MAVIA 51% Funding Rate & Perp Market Overview: Apr 25
Explore the perpetual futures market on Apr 25, 2026. MAVIA leads with a 51.65% annualized funding rate. Discover top movers, negative rates, and arbitrage.

The cryptocurrency market is experiencing a fascinating divergence in perpetual futures dynamics as of April 25, 2026. With the total market capitalization settling at $2.67T, reflecting a modest 0.4% dip over the past 24 hours, and Bitcoin dominance holding firm at 58.1%, capital is rotating aggressively within altcoin ecosystems. This macro environment creates the perfect breeding ground for extreme funding rate dislocations. The undisputed standout today is MAVIA, commanding an astonishing 51.65% annualised funding rate on Hyperliquid. While BTC and ETH consolidate, traders are chasing hyper-specific narratives, pushing perp DEX order books to their limits. As we explored in yesterday's MAVIA 58% Annualised Funding & Perp Market: Apr 24, the persistence of these elevated rates presents substantial yield opportunities. Whether you are deploying a delta-neutral carry trade or seeking directional exposure, understanding the micro-mechanics of these rates is essential for navigating the current Web3 crypto derivatives landscape.

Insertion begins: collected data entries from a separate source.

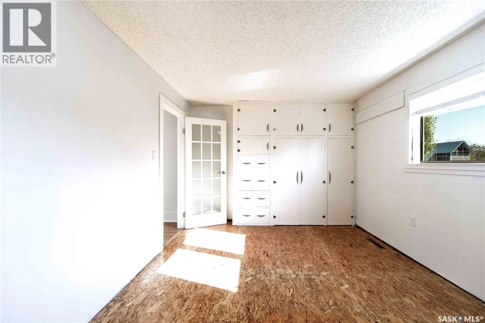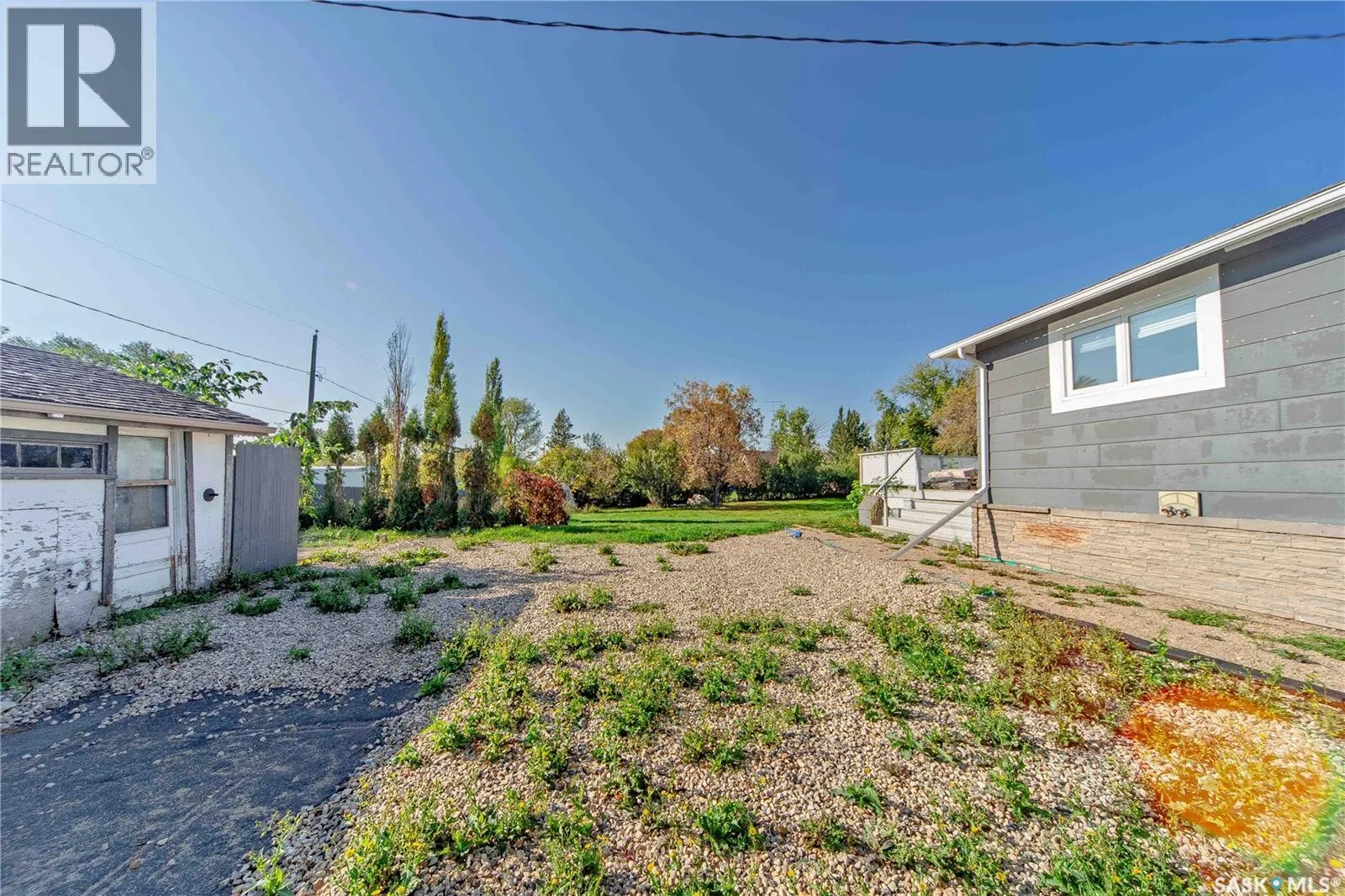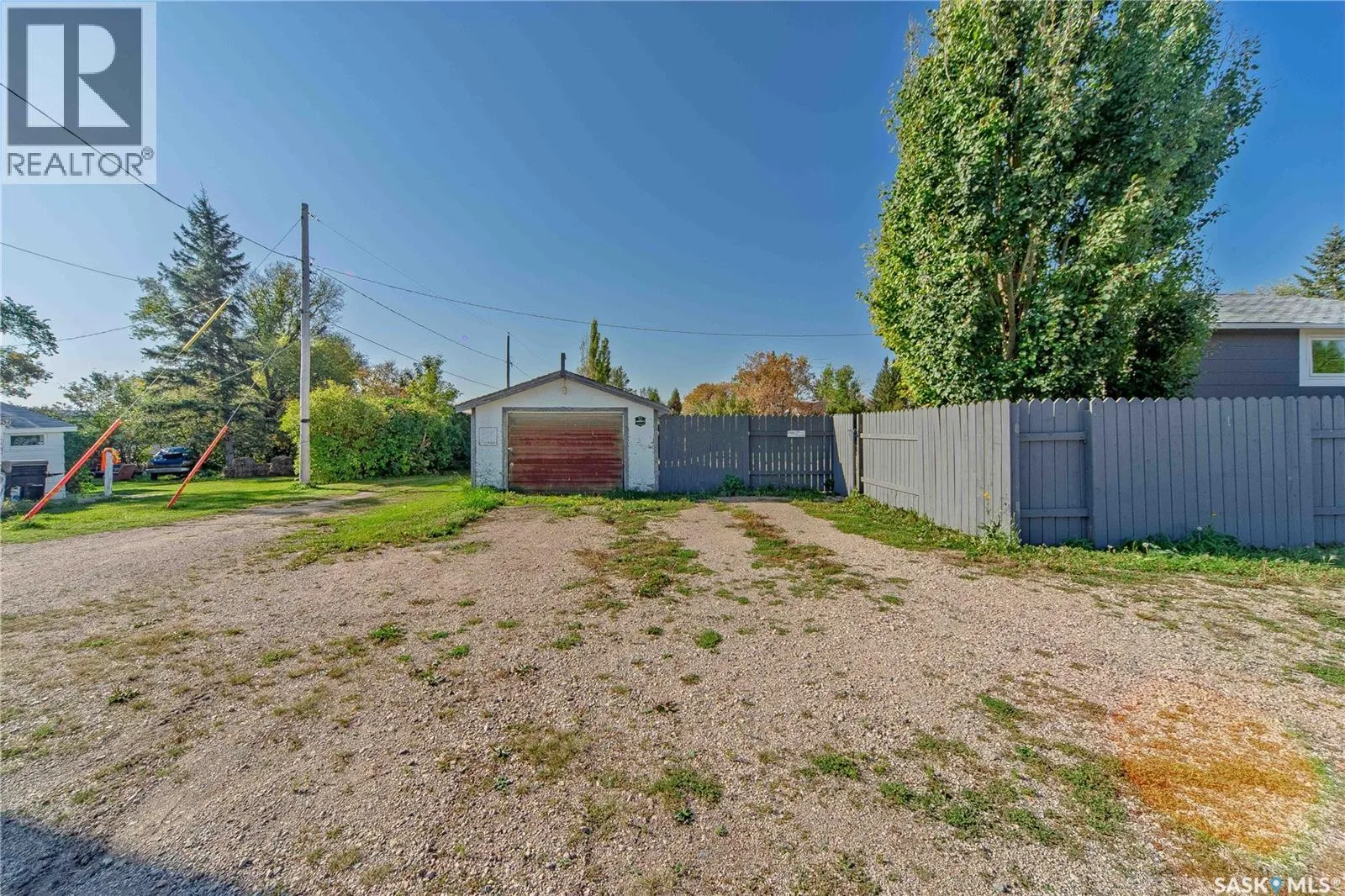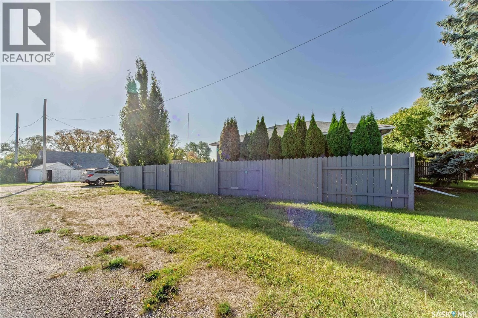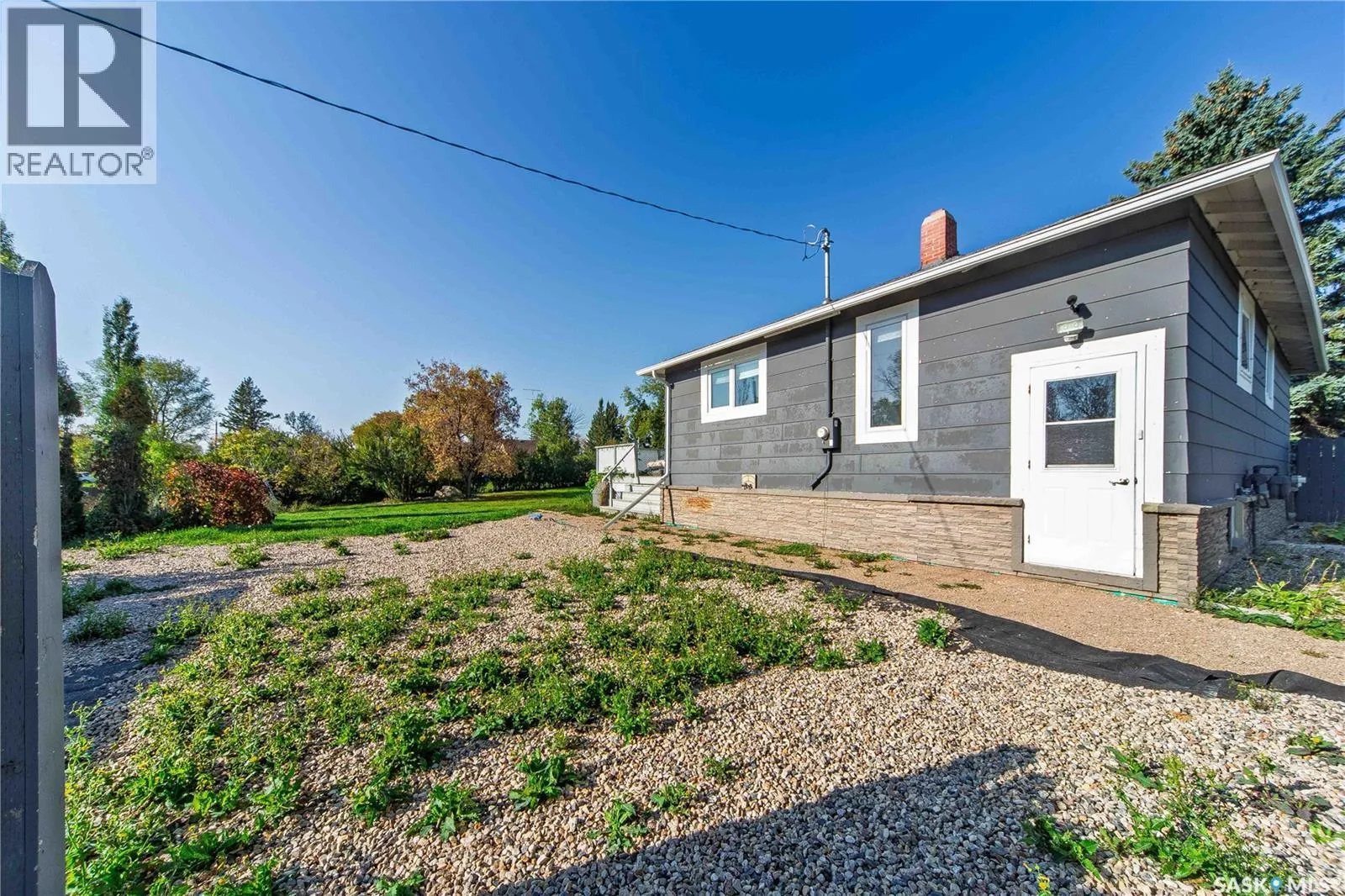 2 + 1 bedroom, 1 bathroom bungalow situated on 4 lots (total of 120' x 165') in the community of Plunkett. Quaint but well situated just 20 minutes from the Colonsay & Lanigan mine sites, 20 minutes from Lanigan, just under one hour from Saskatoon & within 80km of the world-class Jansen Lake project & future mine site. School bus to Viscount. New shingles have just been installed (see photos) along with some repairs to roof sheathing. Good layout with lots of potential, large living & dining area, some vinyl-frame windows, newer kitchen & bathroom, huge deck constructed in 2019 (according to SAMA) facing the vast back yard space. Basement is mostly unfinished, has 1 bedroom completed and another one started, bathroom is framed with a toilet installed, lots of storage space and potential for a rec room to be finished. There is a garden area and patio stone fire pit area that could be revitalized with some clean up. Property is being sold as-is, where-is, no disclosure statement available. (id:27476)
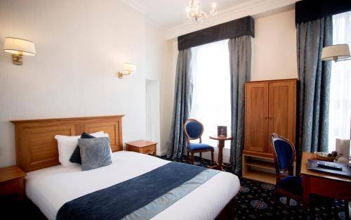 The Castle Hotel, located at the northern end of O'Connell St., has a bit of a split personality. It’s housed in a Georgian building and generally decked out in the kind of ornate décor that might inspire one to run out and buy a corset, but some of its 131 rooms are plain Janes.
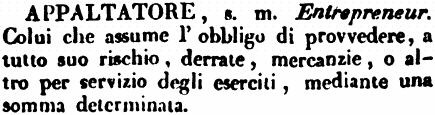 | Appaltatore - s. m. Entrepreneur. Colui che assume l'obbligo di provvedere, a tutto suo rischio, derrate, mercanzie, o altro per servizio degli eserciti, mediante una somma determinata. [immagine] |
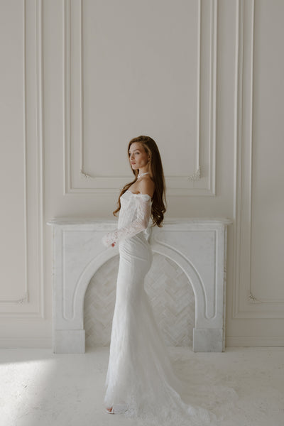 Inspired by our beloved Madeline Mini, the Maeve Gown is our first full-length bridal look designed for the ceremony, an elopement, or wherever your love takes you. Featuring our signature lace and a romantic mini train, it’s effortlessly cool and undeniably bridal.

Top Movers & Market Context: ZEC, STABLE, and DEXE Gains
Examining the top 24h gainers provides crucial context for the funding rate extremes we are witnessing across both centralized and decentralized exchanges. STABLE has surged +7.6%, ZEC gained +5.7%, and DEXE climbed +5.7%. Typically, aggressive spot rallies lead to a rush of late longs entering the perpetual futures market, driving funding rates higher as traders leverage up. Conversely, tokens trending today like APE, PENGU, AAVE, MON, KAT, CHIP, and RAVE are seeing diverse perp market activity. RAVE, for instance, was recently highlighted in our RAVE Perp Futures Spotlight: Funding Setup & Trade Ideas (Apr 23), demonstrating how swiftly sentiment can shift in these micro-cap ecosystems. When an asset like STABLE rallies over 7% while simultaneously exhibiting a deeply negative annualised funding rate, it signals a complex market battle. Short sellers are aggressively stepping in, expecting a mean reversion, which creates a high-stakes funding rate arbitrage environment. Monitoring these trending assets is vital for identifying the next major perp DEX dislocation before the broader market catches on.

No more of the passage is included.